Last week, Reddit (with a little help from the rest of the internet, including the Cheezburger Network and a tiny site you might have visited once or twice, Wikipedia) helped encourage web users to transfer more than 70,000 domains away from web hosting company GoDaddy in protest of the company’s controversial support of the controversial Stop Online Piracy Act, or SOPA.
GoDaddy was singled out among the list of 150+ companies advocating the passage of SOPA because it was the only major tech company on the list, and users saw the move as a bit of a betrayal to the web at large. In the end, GoDaddy caved, but the damage was done. And the incident wasn’t the first time Reddit has been surprised (pleasantly) by its own might, so it makes sense that riding the high of successful action might inspire the well-trafficked social site to attempt to target bigger, stronger adversaries.
Like Congress. If you pay attention to the convergence of social networks and politics, there’s a very strong vibe right now suggesting that independent voices and web-organized movements are disrupting political media and the election cycle. And who better to pull together loosely-caucused users than Reddit? More bound by common interests than Twitter and Facebook, Reddit is uniquely poised to affect the coming 2012 election by funneling action through an open yet targeted space. Unlike Twitter, there are commonalities to herd Redditors together by means more unified than a hashtag. And unlike Facebook, the site is less a closed garden and more an open ball pit where those with like interests congregate.

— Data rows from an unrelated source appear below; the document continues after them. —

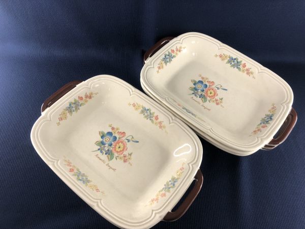 > 未使用品・激レア!★ ROYAL MARUISIHI WARE (ロイヤル丸石ウェアー) スクエアープレート 5客 セット フォーク 付き 箱あり管理1804 J-4
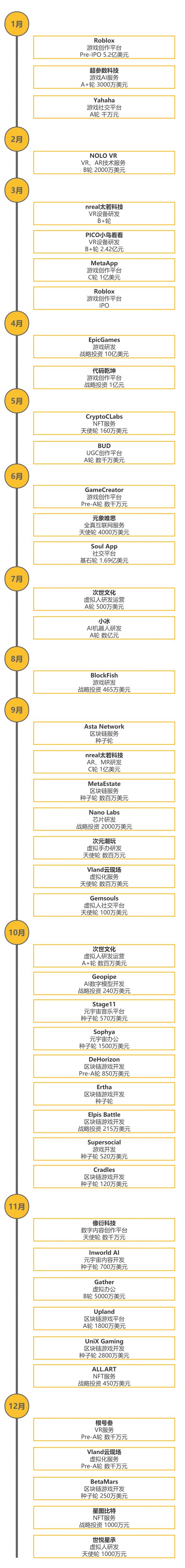 其中,上半年以元宇宙核心企业、游戏业为主,下半年开始有更多外部的,如影视、文旅甚至食品等传统企业入局。
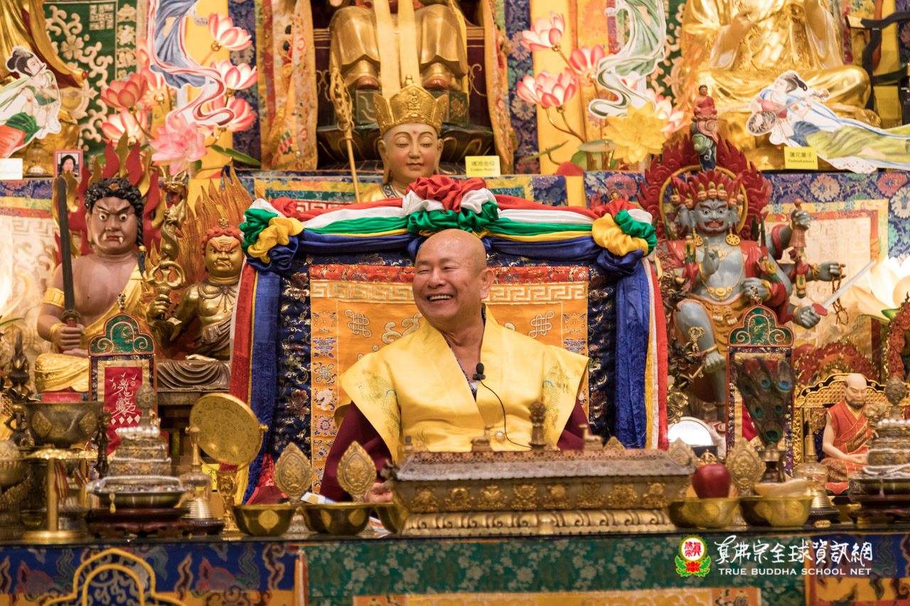 聖尊又從笑話中延伸感嘆道,學佛是很困難的,因為世間錢、地位、美色的誘惑力太大,真正修行的人要認清楚、要遠離,守自己的本份,好好修行才是最重要。密勒日巴祖師能成就,也是離開這世間的錢、地位、美色等等,最後的遺囑,只留下身上的衣服,代表身莊嚴,給祂的弟子,其他什麼都沒有。修行很難,佛教是以苦為出發點,因為人間都是苦,無論是富有或美色都是苦,最後,聖尊勉勵大家要好好的修。

A post on the popular subreddit r/politics today gained some media attention for what seems to be a first organized effort from users of the site to directly impact a politician. User digitalboy- in an unfortunately poorly worded/spelled post- urges his fellow Redditors:
Let’s pick ONE Senator [who] voted for NDAA/SOPA and destroy him like we’re doing for GoDaddy. Relentlessly investigate and find skeletons in his closet, money bomb [his] opponents, etc… we could unseat someone and destroy their career it would have massive repercussions.
Although reactions have thusfar been mixed in the somewhat polarized r/politics- over 10,000 upvotes and 7,000 downvotes- the post could herald a shift in the direction of the Reddit mob from soliciting and attacking corporate and entertainment targets to political ones that may affect real results. Do you think Reddit could be a game changer for the 2012 elections?